The first time I read this algorithm carefully I got to the second step of the inference algorithm and said to myself wait, that cannot possibly be right. I stared at that thing for probably fifteen minutes trying to make sense of it before realizing that there is a footnote at the bottom of the page that says

```There are obvious typographic errors in parts (ii) and (iv)
which are in the original publication. I have left the correction
of these as an easy exercise for the reader.
```

Now, I am hardly one to talk as I leave stuff as exercises for the reader all the time on Stack Overflow. But really? There’s a typo in the paper, you know about it, and you leave the typo in the paper as a challenge? VEXING.

I will remove the typos in my presentation of the algorithm. Anyone who wants the frankly rather dubious challenge of attempting to fix the typos themselves can go read the original paper.

Onwards!

```(ii)
If e is e1 e2 then let W(A, e1) = (S1, τ1) and W(S1 A, e2) = (S2, τ2)
and U(S2 τ1, τ2 → β) = V where β is new; then S = V S2 S1 and τ = V β.
```

Let’s unpack this, starting with just the types.

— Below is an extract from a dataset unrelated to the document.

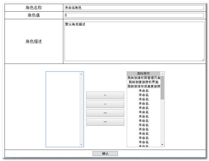 1 <script type="text/javascript"> 2 $().ready(function(){ 3 $("button[id='toRight']").unbind("click"); 4 $("button[id='toRight']").bind("click",function(){ 5 var noneOwnRights=$("select[name='noneOwnRights']"); 6 var ownRights=$("select[name='ownRights']"); 7 $("select[name='ownRights'] option:selected").each(function(){ 8 noneOwnRights.prepend($(this).clone()); 9 $(this).remove();10 });11 return false;12 });13 $("button[id='toLeft']").unbind("click");14 $("button[id='toLeft']").bind("click",function(){15 var noneOwnRights=$("select[name='noneOwnRights']");16 var ownRights=$("select[name='ownRights']");17 $("select[name='noneOwnRights'] option:selected").each(function(){18 ownRights.prepend($(this).clone());19 $(this).remove();20 });21 return false;22 });23 $("button[id='allToRight']").unbind("click");24 $("button[id='allToRight']").bind("click",function(){25 var noneOwnRights=$("select[name='noneOwnRights']");26 var ownRights=$("select[name='ownRights']");27 $("select[name='ownRights'] option").each(function(){28 noneOwnRights.append($(this).clone());29 $(this).remove();30 });31 return false;32 });33 $("button[id='allToLeft']").unbind("click");34 $("button[id='allToLeft']").bind("click",function(){35 var noneOwnRights=$("select[name='noneOwnRights']");36 var ownRights=$("select[name='ownRights']");37 $("select[name='noneOwnRights'] option").each(function(){38 ownRights.append($(this).clone());39 $(this).remove();40 });41 return false;42 });43 $("#submit").unbind("click");44 $("#submit").bind("click",function(){45 $("select[name='ownRights'] option").each(function(){46 $(this).attr("selected","selected");47 });48 return true;49 });50 });51 </script>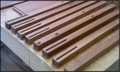 Todas las camillas y los paneles son ¾" de espesor. Las mortajas son 3/8" ancho, dejando un 3/16" hombros en los lados, superior e inferior de las mortajas. La longitud de las mortajas depende del ensanchador o anchos de panel. Las mortajas se deben cortar no más de 7/16" de profundidad.

We have a function application `e1 e2`. We recursively determine that `e1` is some function type `τ1` and `e2` is its argument of type `τ2`.

Therefore `τ1` had better be a function type that takes a `τ2` and returns something of some type; call it β. Whatever β is must be the type of the function invocation expression. To find it, we unify `τ1` with `τ2 → β` and we get a substitution that tells us what type to substitute for β. That’s our resulting type.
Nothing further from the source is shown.